_Your task_:
Exact copies of all the lines below are wanted, without a single picture.

_Listed records_:

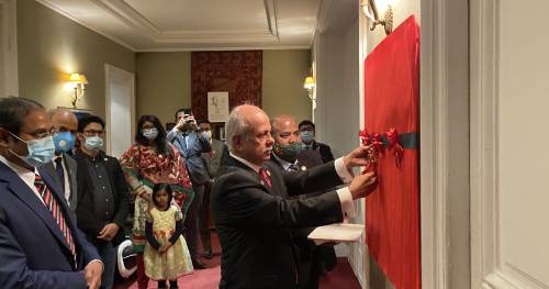 অনুষ্ঠানে জাতির পিতা বঙ্গবন্ধু শেখ মুজিবুর রহমান-এর জন্মশতবার্ষিকী উদযাপনের অংশ হিসেবে দূতাবাসের লাইব্রেরি তথা সভাকক্ষকে রূপান্তর করে নবনির্মিত ‘বঙ্গবন্ধু লাউঞ্জ’ এর উদ্বোধন করা হয়। হয়। ‘বঙ্গবন্ধু লাউঞ্জ’-এ বঙ্গবন্ধুর সুবিশাল প্রতিকৃতি, ঐতিহাসিক আলোকচিত্র, বঙ্গবন্ধু ও বাংলাদেশ নিয়ে গ্রন্থসমূহ, দূতাবাসের প্রকাশনাসমূহ প্রদর্শিত রয়েছে। এছাড়া বঙ্গবন্ধুর উপর নির্মিত বিভিন্ন প্রামাণ্য চিত্র প্রদর্শনের ব্যবস্থা করা হয়েছে।
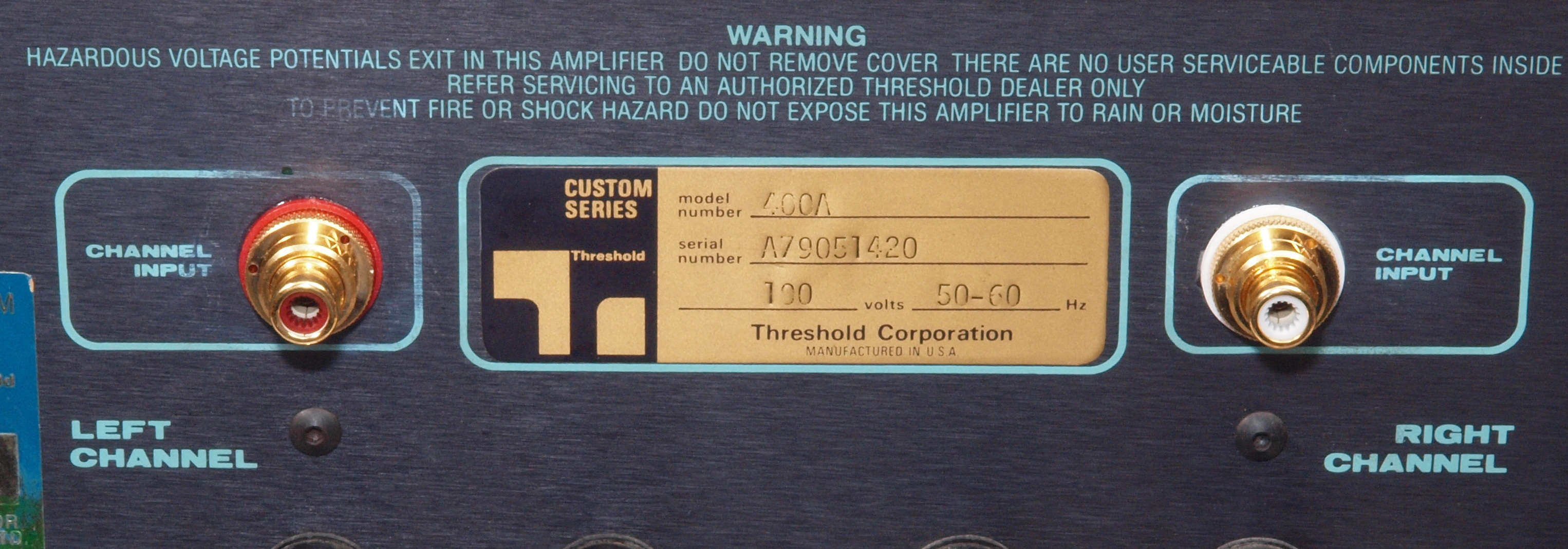 理由はWebのオーディオの足跡の400Aと400Acusの説明文にもあるように、フロントのパネルにCascode/classAと書いてある、リアパネルも400Aとは違うし、custom seriesと書いてあります。
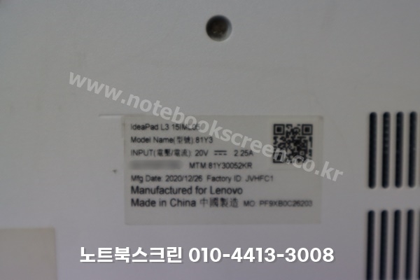 [택배-수리완료] 광주 광산구 월계동 레노버 노트북화면수리 IDEAPAD L3 15IML05 81Y3 액정깨짐 패널교체
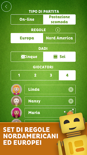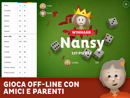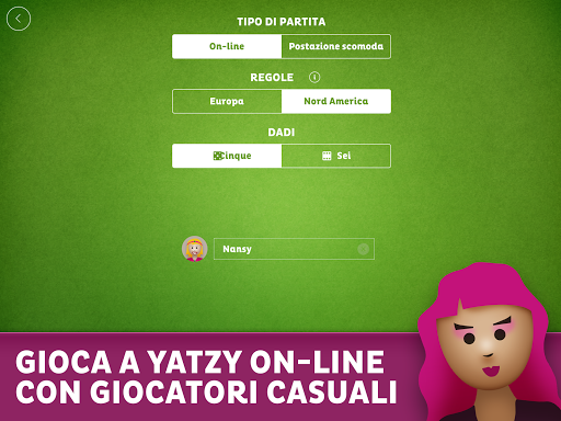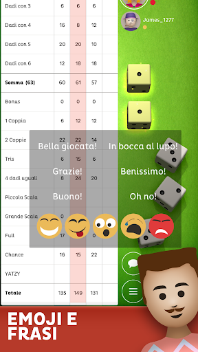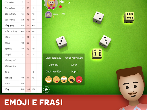 Gioca a Yatzy on-line con giocatori casuali, oppure con parenti e amici. Compatibile con set di regole nordamericani ed europei e con dadi da 5 o 6. Yatzy ti consente di giocare con 4 giocatori on-line e off-line e comprende bot per giocare contro AI. Unisciti al divertimento on-line con giocatori casuali e mostra di essere il migliore a Yatzy! Interagisci con altri giocatori in-game, grazie a divertenti emoji e frasi che danno un tocco di stravaganza a Yatzy!
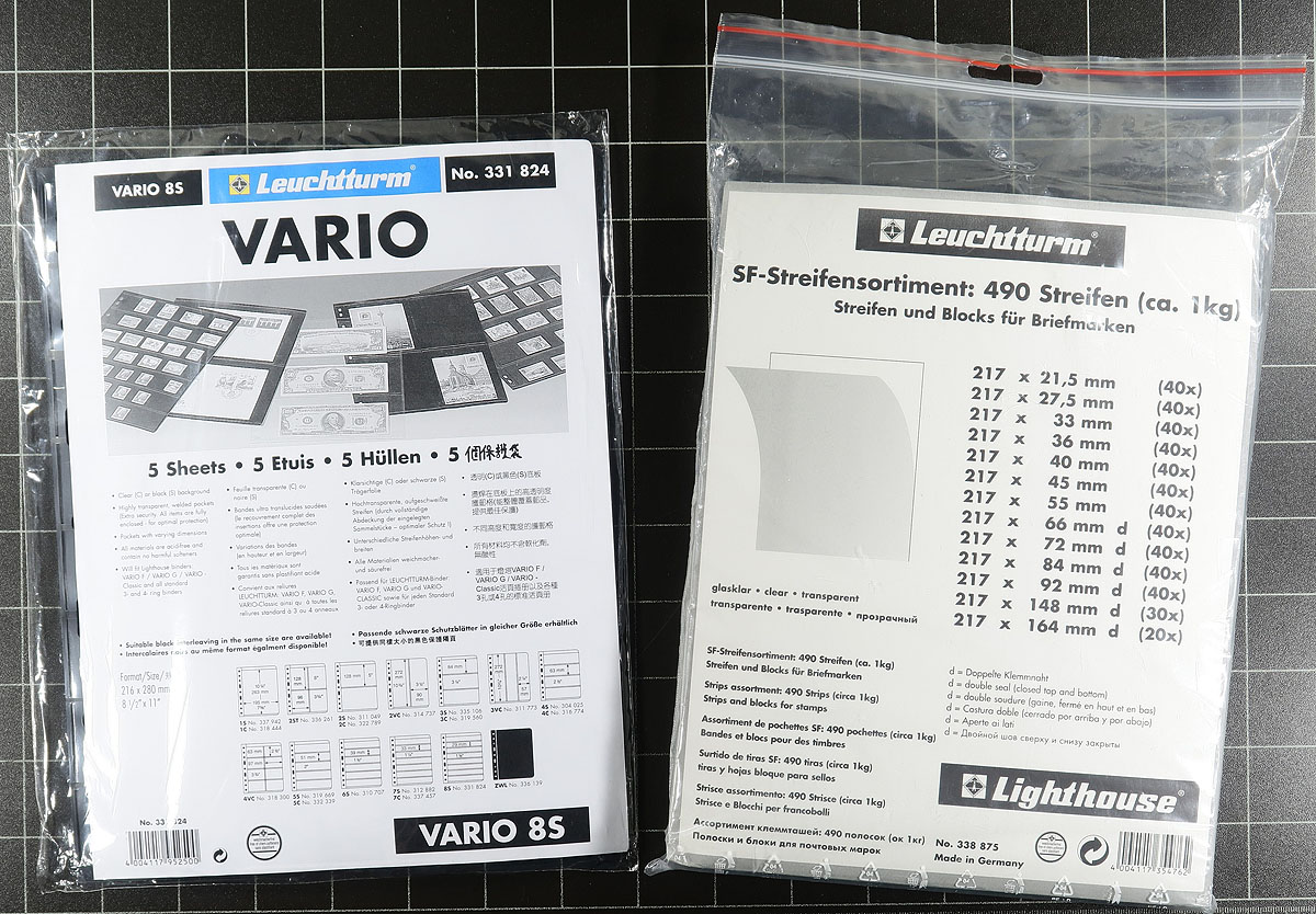 Two Lighthouse brand classic "Grande" 3-ring binders, with matching slipcases in Red, with Canada in gold / Canadian flag embossed on the spine. One is "like new" and the other is "new" (still in the original plastic wrap). Accompanied by a pack (5 sheets) of Vario brand 8-line pages and a bag of Lighthouse clear mounts. Original retail would be near $200.00. Estimate =

_Exercise result_:
 অনুষ্ঠানে জাতির পিতা বঙ্গবন্ধু শেখ মুজিবুর রহমান-এর জন্মশতবার্ষিকী উদযাপনের অংশ হিসেবে দূতাবাসের লাইব্রেরি তথা সভাকক্ষকে রূপান্তর করে নবনির্মিত ‘বঙ্গবন্ধু লাউঞ্জ’ এর উদ্বোধন করা হয়। হয়। ‘বঙ্গবন্ধু লাউঞ্জ’-এ বঙ্গবন্ধুর সুবিশাল প্রতিকৃতি, ঐতিহাসিক আলোকচিত্র, বঙ্গবন্ধু ও বাংলাদেশ নিয়ে গ্রন্থসমূহ, দূতাবাসের প্রকাশনাসমূহ প্রদর্শিত রয়েছে। এছাড়া বঙ্গবন্ধুর উপর নির্মিত বিভিন্ন প্রামাণ্য চিত্র প্রদর্শনের ব্যবস্থা করা হয়েছে।
 理由はWebのオーディオの足跡の400Aと400Acusの説明文にもあるように、フロントのパネルにCascode/classAと書いてある、リアパネルも400Aとは違うし、custom seriesと書いてあります。
 [택배-수리완료] 광주 광산구 월계동 레노버 노트북화면수리 IDEAPAD L3 15IML05 81Y3 액정깨짐 패널교체
 Gioca a Yatzy on-line con giocatori casuali, oppure con parenti e amici. Compatibile con set di regole nordamericani ed europei e con dadi da 5 o 6. Yatzy ti consente di giocare con 4 giocatori on-line e off-line e comprende bot per giocare contro AI. Unisciti al divertimento on-line con giocatori casuali e mostra di essere il migliore a Yatzy! Interagisci con altri giocatori in-game, grazie a divertenti emoji e frasi che danno un tocco di stravaganza a Yatzy!
 Two Lighthouse brand classic "Grande" 3-ring binders, with matching slipcases in Red, with Canada in gold / Canadian flag embossed on the spine. One is "like new" and the other is "new" (still in the original plastic wrap). Accompanied by a pack (5 sheets) of Vario brand 8-line pages and a bag of Lighthouse clear mounts. Original retail would be near $200.00. Estimate =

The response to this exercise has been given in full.